Don’t go to the ER for COVID testing — do this instead

By The Health News Team | January 12, 2022
Mother and daughter getting tested for COVID-19

San Diego emergency rooms are overwhelmed. They are filled with people who have severe illness caused by COVID-19, those experiencing other serious illnesses, individuals who are injured, and people who are simply seeking a COVID-19 test. However, emergency rooms are not meant to serve as COVID testing sites.

According to experts, local hospitals are striving to manage the current surge of COVID-related illness due to the emergence of the highly contagious omicron variant and ongoing delta variant-related illness while also coping with a surge of people seeking COVID tests.

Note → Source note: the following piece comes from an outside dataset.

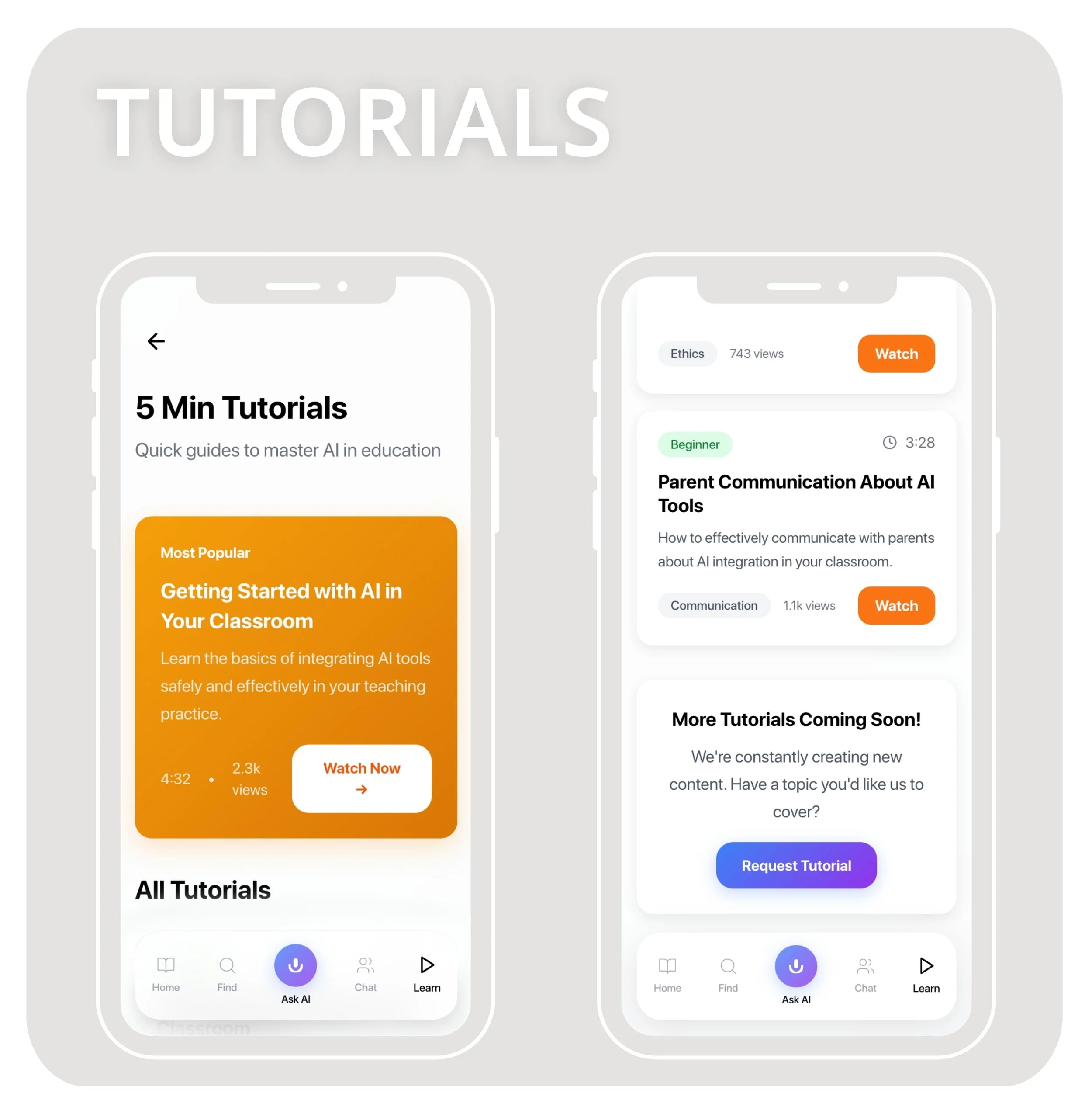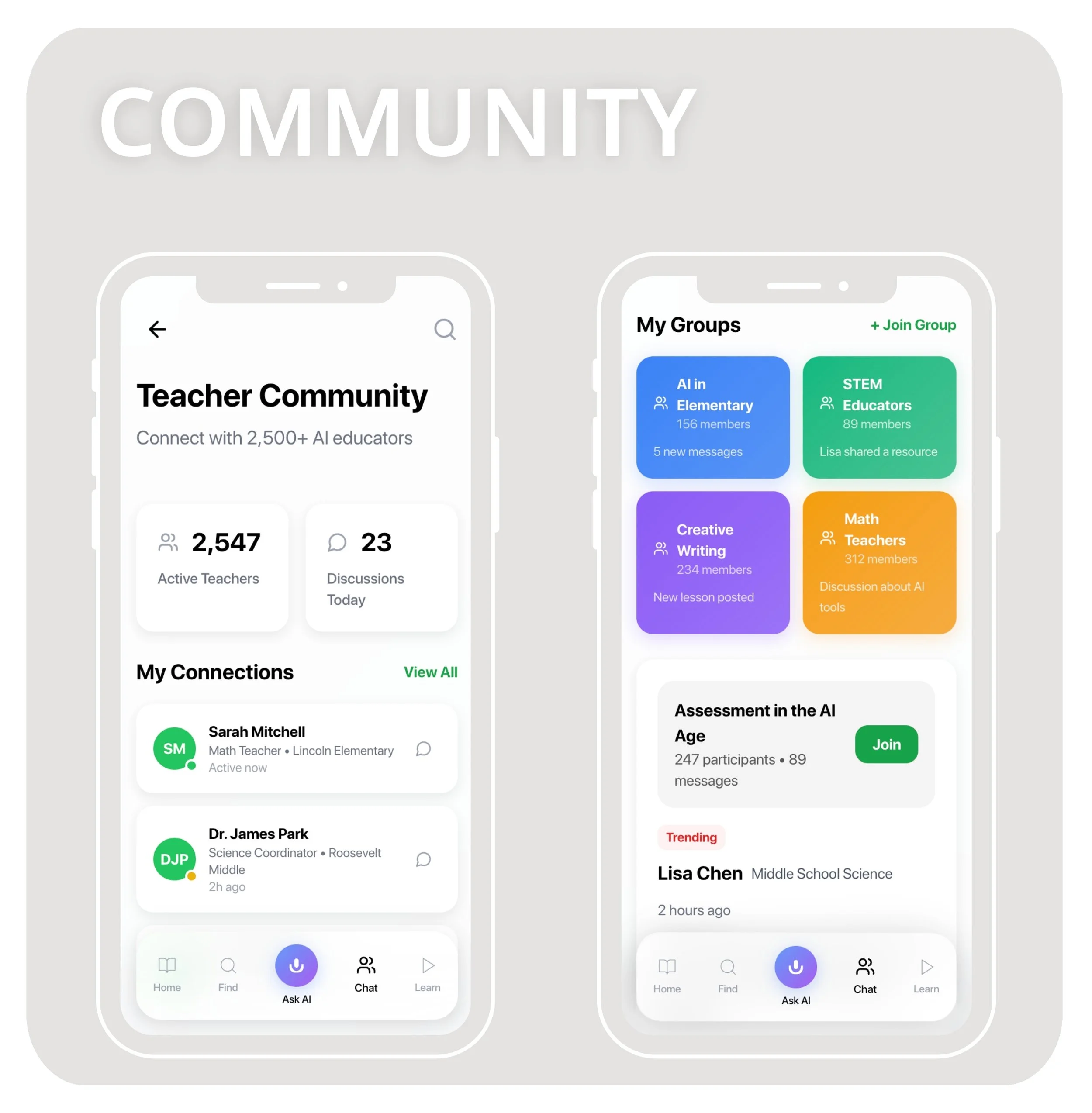 Each screen in the PEAK Education App is designed to simplify discovery, connection, and creativity for educators. From personalized dashboards to AI-powered lesson planning and tutorials, these five core sections illustrate a seamless learning ecosystem built around clarity, accessibility, and engagement.

“While we are prepared to care for those with emergency medical needs, we are experiencing some staffing and supply shortages due to the recent surge,” says Josh McCabe, director of emergency services at Sharp Memorial Hospital. “We encourage anyone who is without COVID symptoms or experiencing mild symptoms to look to other testing sources throughout the county, rather than heading to their local ER.”

In doing so, McCabe says, you are likely saving yourself time, preventing your own exposure to illness, freeing up resources for those who are experiencing medical emergencies, and giving local care providers the gift of time and energy they need to care for those most in need.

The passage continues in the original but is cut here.